Thursday, February 21, 2013

Teachers Unions As Bullies

The author of this piece is the president of the California Teachers Empowerment Network (CTEN), of which I am a board member.

Here's the setup:
The Michigan Education Association had its apple cart turned upside down when the Wolverine State went "right-to-work" in December. This means that, unlike California and 25 other states, a worker doesn't have to pay union dues as a condition of employment.

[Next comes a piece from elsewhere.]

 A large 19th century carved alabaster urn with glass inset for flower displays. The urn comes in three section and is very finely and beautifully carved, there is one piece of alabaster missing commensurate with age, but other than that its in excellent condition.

My introduction to union coercion came in 2005, when, as a middle school teacher in Los Angeles, I joined the Prop. 75 campaign. That initiative would have prohibited public employee labor organizations from collecting the part of union dues which goes for politics without prior consent of the employee. Sensing a disruption in their forced dues gravy train, the California Teachers Association went into overdrive. It raised union dues on its members for a three-year period and mortgaged their offices in Sacramento, then used the millions they accumulated to scare teachers and the public – ominously warning them of imaginary horrors that would be visited on them if the proposition passed.
Here's the part the unions and their u-bot zombie supporters just cannot argue:
Teachers unions are forever telling its members how much the union does for them in the way of wages, job benefits, etc. You would think that an organization that does so much for its members wouldn't have to resort to bullying to keep them in the fold.
The rest of the piece is just as strong, go take a read--especially the part about the unions' specious "free rider" complaint.


EdD said...

Unions can't do anything for teachers that teachers can't do for themselves, and, as learned professionals, ought to be doing for themselves.

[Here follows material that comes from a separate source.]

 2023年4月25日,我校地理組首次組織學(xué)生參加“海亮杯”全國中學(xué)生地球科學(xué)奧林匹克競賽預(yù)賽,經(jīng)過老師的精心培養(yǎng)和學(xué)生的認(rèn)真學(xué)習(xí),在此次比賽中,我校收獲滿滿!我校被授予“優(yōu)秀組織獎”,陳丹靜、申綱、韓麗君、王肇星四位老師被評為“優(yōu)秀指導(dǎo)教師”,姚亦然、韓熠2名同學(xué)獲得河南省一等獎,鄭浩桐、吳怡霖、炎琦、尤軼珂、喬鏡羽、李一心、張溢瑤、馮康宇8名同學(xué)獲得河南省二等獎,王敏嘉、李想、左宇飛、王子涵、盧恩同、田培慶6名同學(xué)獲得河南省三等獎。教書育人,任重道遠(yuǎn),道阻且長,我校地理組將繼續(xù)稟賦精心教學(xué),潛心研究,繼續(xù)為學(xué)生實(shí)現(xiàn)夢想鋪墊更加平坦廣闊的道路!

allen (in Michigan) said...

If you're a lousy teacher a union will get you what you can't get for yourself which is continued employment.

Unions will also, obviously, get you more then you're worth. Ask any of the older UAW workers. Having put in my time on the line I can tell you with authority that no one, including myself, were worth anywhere near what we were paid. The lousy workers were paid more then they were worth and the best workers were paid less then they were worth although in the case of assembly line workers everyone was overpaid.